«Возвращаюсь к 21 году. Я чувствовал себя смутно, ни к чему не прижившимся. Театр, несмотря на статью Шагинян „Прекрасная отвага“ и похвалы Кузмина, — шатался. Морозы напали вдруг на нас — и какие.
В нашей комнате лопнул графин с водой. Времянки обогревали на час-другой. Попав с улицы в тепло, я вдруг чувствовал, что вот-вот заплачу. <…> Скоро я убедился, что не слышу ни Чуковского, ни Шкловского, не понимаю, не верю их науке, как не верил некогда юридическим, и философским, и прочим дисциплинам. Весь литературный опыт мой, накопленный до сих пор, был противоположен тому, что читалось в Доме искусств. Я допускал, что роман есть совокупность стилистических приёмов, но не мог поверить, что можно сесть за стол и выбирать, каким приёмом работать мне сегодня. Я не мог поверить, что форма не органична, не связана со мной и с тем, что пережито. То, что я слышал, не ободряло, а пугало, расхолаживало. Но не верил я в приём, в нанизывание, остранение, обрамляющие новеллы, мотивировки, оксюморон и прочее — тайно. Себе я не верил ещё больше. Словом, так или иначе, я перестал ходить на лекции…
Я шагал по улице и увидел афишу: „Вечер ‘Серапионовых братьев’“. Я знал, что это студийцы той самой студии Дома искусств, в которой я пытался учиться. Я заранее не верил, что услышу там нечто человеческое.

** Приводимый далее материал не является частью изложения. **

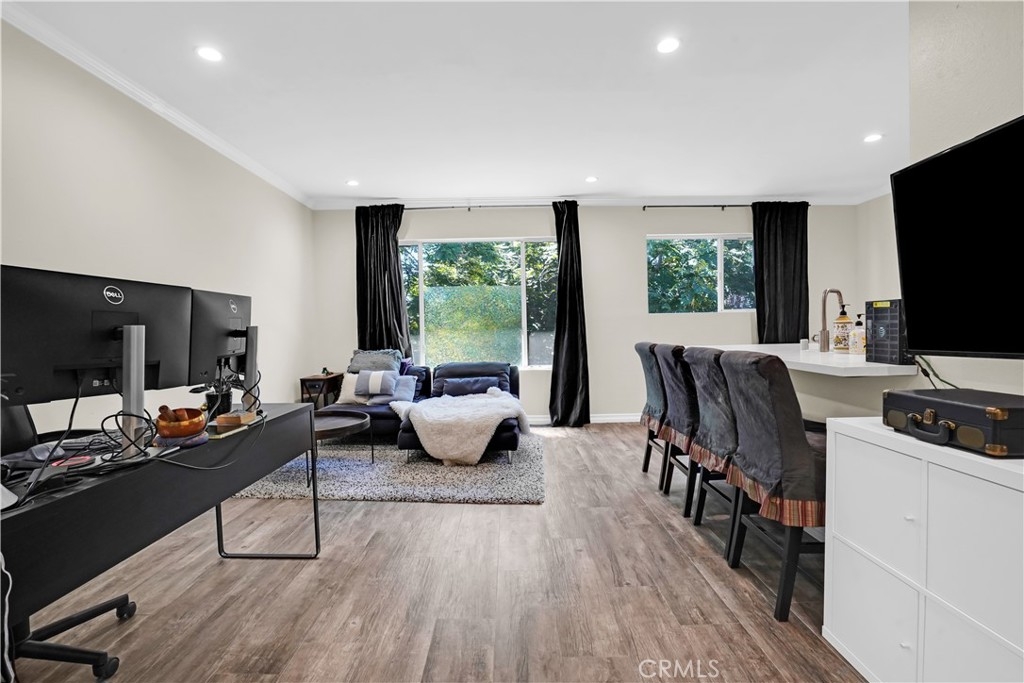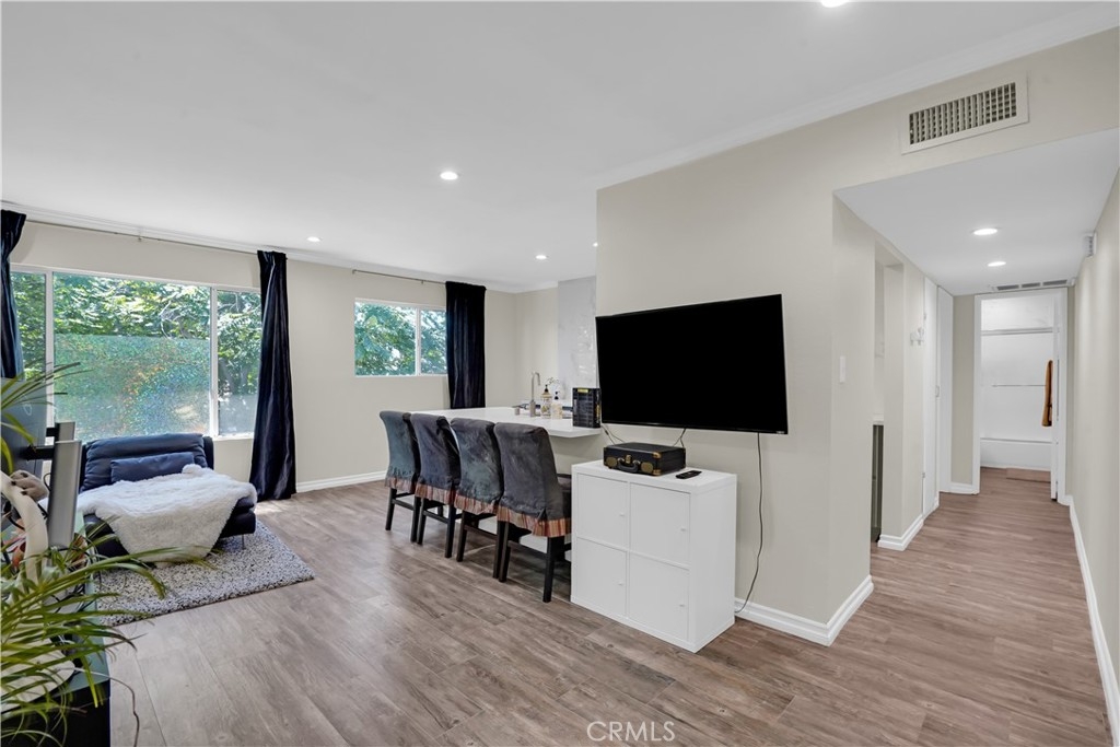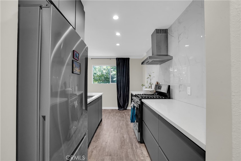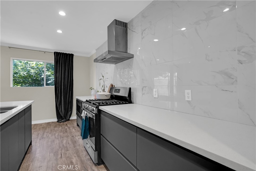 Centrally located near Westfield Topanga Mall, Business districts, and public transportation. Recently fully remodeled interior finish with new appliances; stainless steel gas range 4-burner, grill plate, quartz peninsula island, BI Microwave, S.S. Dishwasher, S.S Chef's hood, and soft close cabinets. New interior Paint (2022 popular colors of the year). New roof 2023.
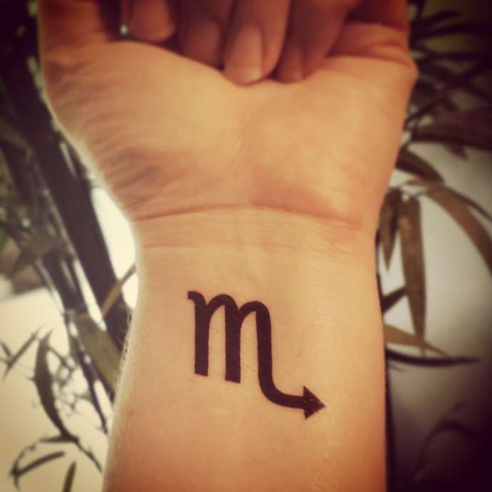 De la même manière, on peut recommander pour un tatouage le mot "force" ou "combat" (qui, soit dit en passant, peut également être recommandé pour le tatouage du Bélier, un autre signe martien), en combinaison avec le symbole-badge du Scorpion déjà mentionné. Ce motif, qui reflète bien l'intérieur d'une personne, est idéal pour le poignet.

Дом искусств помещался в бывшем елисеевском особняке, мебель Елисеевых, вся их обстановка сохранилась. С недоверием и отчуждённостью глядел я на кресла в гостиных. Пневматические, а не пружинные. На скульптуры Родена — мраморные. Подлинные. На атласные обои и цветные колонны. Заняв место в сторонке, стал я ждать, полный недоверия, неясности в мыслях и чувствах. Почва, в которую пересадили, не питала. Вышел Шкловский, и я вяло выслушал его. В то время я не понимал его лада, его ключа. Когда у кафедры появился длинный, тощий, большеротый, огромноглазый, растерянный, но вместе с тем как будто и владеющий собой Михаил Слонимский, я подумал: „Ну вот, сейчас начнётся стилизация“. К моему удивлению, ничего даже приблизительно похожего не произошло. Слонимский читал современный рассказ, и я впервые смутно осознал, на какие чудеса способна художественная литература. Он описал один из плакатов, хорошо мне знакомых, и я вдруг почувствовал время. И подобие правильности стал приобретать мир, окружающий меня, едва попав в категорию искусства. Он показался познаваемым, в его хаосе почувствовалась правильность. Равнодушие исчезло. Возможно, это было не то, ещё не то, но путь к тому, о чём я тосковал и чего не чувствовал на лекциях, путь к работе показался в тумане. Когда вышел небольшой, смуглый, хрупкий, миловидный не по выражению, вопреки суровому выражению лица, да и всего существа, человек, я подумал: „Ну вот, теперь мы услышим нечто соответствующее атласным обоям, креслам, колоннам и вывеске ‘Серапионовы братья’“. И снова ошибся, был поражён, пришёл уже окончательно в восторг, ободрился, запомнил рассказ „Рыбья самка“ почти наизусть».